Barcelona acogerá este domingo otra gran manifestación. En esta ocasión, para reivindicar el bilingüismo real en las aulas catalanas (de los centros públicos, básicamente) tras un inicio de curso en el que la Generalitat ha sacado pecho de que en el modelo de escuela catalana solo cabe el catalán. Aunque sobre el papel aceptara al castellano como lengua curricular --el catalán siempre ha sido la vehicular-- y se comprometió a reforzarlo en las zonas con mayores necesidades lingüísticas en este sentido, la política marca la agenda.

Al Govern no se le escapa que, en estos momentos, el único punto de encuentro del ámbito independentista es la defensa a ultranza del catalán de un presunto ataque. Y hace bandera de ello con declaraciones tan sonoras como la reciente advertencia del consejero de Educación, el cuestionado (por su gestión, sobre todo en lo laboral) Josep Gonzàlez-Cambray, de que los profesores no pueden elegir la lengua en la que imparten las clases.

Esta declaración de intenciones se estrella contra la realidad de las aulas y demuestra que, de nuevo, desde los despachos se mira muy de lejos lo que ocurre en clase. Que le digan al profesorado de los centros con necesidades educativas especiales que lo prioritario es que no se apee del catalán. No que intenten que los alumnos vayan a clase primero y que su paso por la escuela sea útil, incluso que algunos de ellos encuentren en la formación obligatoria la llave del ascensor social que les permitirá romper la cadena de precariedad a la que están ligados por nacimiento, tal y como muestran los datos de forma insistente. Más, en una sociedad en que las desigualdades son cada vez más acusadas.

Los que defienden que es el catalán lo que le permitirá prosperar (los mismos que aseguran que es la fórmula perfecta de la integración, como si por arte de magia hablarlo te diera vinculación y reconocimiento en el territorio) tienden a olvidar que ninguna lengua tiene este poder si no va acompañada de un Estado del bienestar. Y el nuestro aún no se ha recuperado del envite que sufrió en 2010, cuando la apretada de cinturón casi se lo carga.

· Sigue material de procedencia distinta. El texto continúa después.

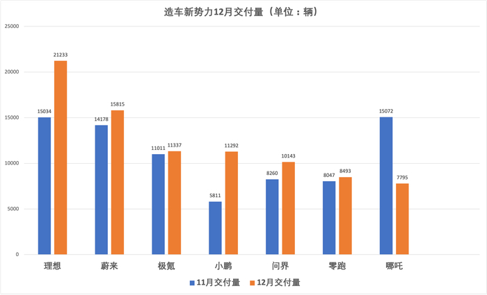 2022年造车新势力的竞争最后一个月出现变数,数次领跑销量榜单的哪吒和零跑意外在12月垫底。

El corolario de crisis y minicrisis que han seguido al fin de la burbuja inmobiliaria ha impedido una recuperación en tiempo y forma, por lo que aún se tiene que recorrer mucho camino en este sentido. En lo escolar, apenas se acaba de reabrir el debate sobre la necesidad de recuperar la sexta hora lectiva en la pública para equipararla a la de la concertada y la privada. Y es que, sí, también existe una educación a dos velocidades que depende del bolsillo y las posibilidades de la familia.

Pero lo importante para el Govern es sacar pecho de que defiende a capa y espada el catalán y que acaba con la injerencia insoportable de los tribunales de fijar una hora más de castellano semanal cuando las familias lo han pedido, el 25%. Incluso este extremo es falso, ya que en la mayoría de centros donde se aplica --20 de 25-- se ha optado por mantenerlo para que las direcciones se ahorren la desobediencia. Por algo tan simple como que solo unos pocos se creen la promesa de Cambray (ya hemos dicho que no tiene demasiado predicamento entre la comunidad educativa) de que protegerá hasta las últimas consecuencias a los docentes desobedientes ante la justicia.

En cuanto a predicar con el ejemplo, el Ejecutivo catalán tampoco hace los deberes en este sentido. Los que tienen hijos en edad escolar, incluso el mismo conseller, apuestan por centros concertados en los que no es que se apueste por el bilingüismo, sino que de forma directa son trilingües. La aspiración de la mayoría de las familias que también va muy vinculada a los recursos, ya que las desigualdades se dan entre los que se pueden pagar extraescolares o no.

La manifestación de este domingo se venderá como un aquelarre de fachas. Se focalizará en que el líder de Vox, Santiago Abascal, la de Ciudadanos, Inés Arrimadas, y la portavoz del PP, Cuca Gamarra, han usado a las entidades promotoras como plataforma política para crear divisiones y barrer para sus casas, con un intento de pescar votos más fuera de Cataluña que dentro. Y que el papel de cualquier buen catalán --porque repartir carnés lo hace todo el mundo-- es rechazar de frente la protesta y gritar fuerte a los manifestantes que son unos fachas. Es decir, politiqueo y postureo a raudales.

Por desgracia, queda en segundo plano que la escuela pública catalana agoniza, requiere recursos y de un plan a largo plazo. Y que si el catalán quiere tener una oportunidad en el futuro, debe ser un idioma querido para todos los 7,75 millones de catalanes. Si es una lengua de parte, como ocurre en la actualidad, está perdida.